Return the data exactly, without pictures.

Data block:
######

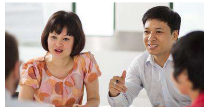
Professional Communication Skills courses are taught in immersive interactive workshops
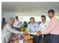
VEPL - IN1
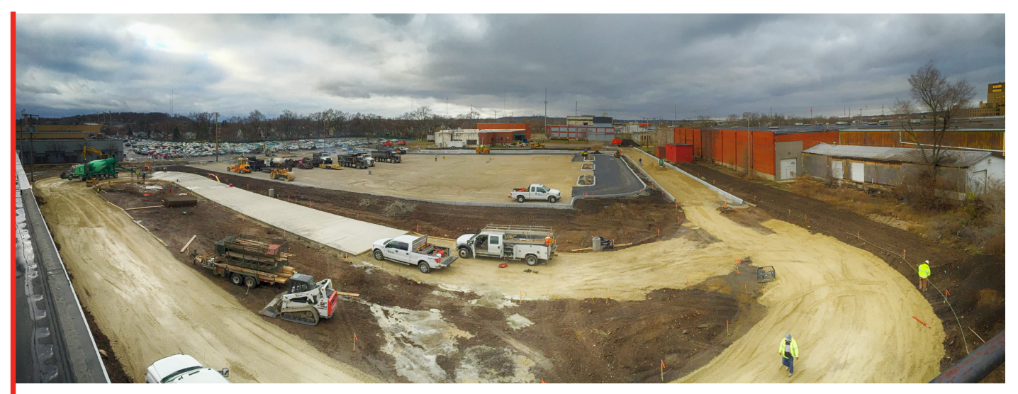
PROGRESS PHOTO OF NEW PARKING LOT AND BUS TURNAROUND (JANUARY 2016)
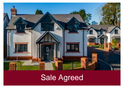
Alder House, Popes Lane, Tettenhall

######

Task result:
Professional Communication Skills courses are taught in immersive interactive workshops
VEPL - IN1
PROGRESS PHOTO OF NEW PARKING LOT AND BUS TURNAROUND (JANUARY 2016)
Alder House, Popes Lane, Tettenhall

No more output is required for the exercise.